今回は虫の話です。しかし虫の固有名詞を見ただけで気分を害するほど虫が苦手という方もいらっしゃるかと思うので、最初は伏せ字で書こうかと思ったのですけど、実際に書いてみると余計に想像力を刺激してしまうような気がしたので、いっそのこと全然別の固有名詞で書くことにしました。ご安心を。


我が家の横に、日照権の関係でポッカリ出来た空き地があります。鋪装されているわけでもなく、ただ土があるだけ。で、その日照権発生の元となったビル(空き地の土地の主)にお勤めの方々だと思うのですが、園芸愛好会みたいな集いがありまして、その空き地を利用し、いろいろな植物を育て始めました。おかげで些細なものですが、新宿とは思えない緑の広場が出来上がりました。
ところが数年して、園芸愛好会の面々が解散したのか、その緑の広場にはまったく人の手が入らなくなり、荒れ放題になっていきました。
あれ?虫は?うん、これから。状況説明だけで長いですね。


そんな土地柄にしては緑豊富と言える場所に、それまでは存在し得なかった虫たちの楽園が出来上がったようです。
虫といえば、やはり夏。今年も気温が上がってくるにつれ、パンジー(虫)やタンポポ(虫)やヒマワリ(虫)や、その他名前も分からない様々な虫を見かけるようになりました。
この小さな緑の楽園の中でも、生態系はある程度整備されていると思うのですが、その年によって大量発生する虫の種類が違います。そこにどんな因果があるのか分かりませんが、去年はヒマワリ(虫)で、一昨年はタンポポ(虫)でした。特定の種の虫を多く見かけると、他の虫は明らかに遭遇数が少なくなります。
そう思うと、一番怖いのはあの薔薇(虫)が大量に発生することですが、タンポポ(虫)が獲物にでもしているためか、あまり見かけません。ありがとうタンポポ(虫)。いやキミも決して好きではないけれど。
そして今年はパンジー(虫)が大量に発生。玄関を出たところにパンジー(虫)がいたりして、うっかり踏まないように注意しています。さっき見たら家の前の壁に7匹ものパンジー(虫)が張り付いてました。稀ながら家の中に侵入して来ているパンジーもいます。
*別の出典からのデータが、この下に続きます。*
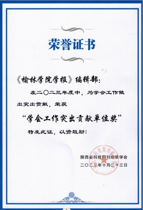 10月22日至24日,陕西省科技期刊编辑学会2023年秋季年会暨第七届陕西省科技期刊评优活动总结会在延安举行。会上公布了第七届陕西省科技期刊评优活动结果。bat365学报荣获“学会工作突出贡献单位奖”荣誉称号。
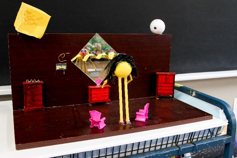 In my artwork, I chose 3 different ways to represent an electron: A yellow sphere that looks like an actual being with hands, legs and eyes; the e- (1960-2011) on the perpendicular wall; and the yellow waves ( located on the mirror and on the left hand drawer). Some people might think that it would be wrong to choose these ways to represent a subatomic particle. However, it's not wrong because that's my perception of what an electron looks like. My entire artwork doesn't present what an actual electron looks like in real life and I clearly state that with the disclaimer on the top left hand corner: "This not a particle nor a wave". At this point, we might ask ourselves why there is a representation of a wave facing the standing human-like yellow representation of an electron. Common sense dictates that a mirror is supposed to project an image of what is in front of it. However, in my artwork, the reflection of the yellow Sphere is a yellow wave, to represent the particle-wave duality of matter. This is mainly caused by the observer (represented by the eyeball on the top right corner) that changes the outcome of the mirror's reflection. Briefly, my artwork is a mere representation of the particle-wave duality of matter and the fact that an observer can change the outcome of an experiment. Even though my artwork doesn't represent scientific properties of subatomic particles, I think it would help people understand the weird world of Quantum.

そんなパンジー(虫)。生まれてくるパンジー(虫)もいれば、死ぬパンジー(虫)もいます。
パンジー(虫)の死骸には、自然界の掃除屋ヒヤシンス(虫)が群がり、その死骸を片付けていきます。ところがパンジー(虫)の外殻の部分は硬いからなのか、ヒヤシンス(虫)に餌と見なされず、中の部分だけキレイに抉られた形で残されてしまいます。
そして残酷なことに、大量発生しているパンジー(虫)が、パンジー(虫)の死骸を餌としている光景も見られます。しかしこれまた外殻は残されたまま。
「俺の中で生きろ!」的な精神ならまだ救われますが、「俺の中で生き・・・あれ?噛めんわ。この部分いらんわ。この部分以外生きろ」では、餌となった方も救われません。
まあそうこうして残されたパンジー(虫)の外殻を、僕はホウキでサッサと掃き捨てます。その瞬間、僕は自然界の掃除屋の頂点にサッサと君臨しています。


ところで、虫嫌いな方への配慮として固有名詞の差し換えを行いましたが、逆にエグい結果となってます?
(虫)も失敗の要因の1つですね。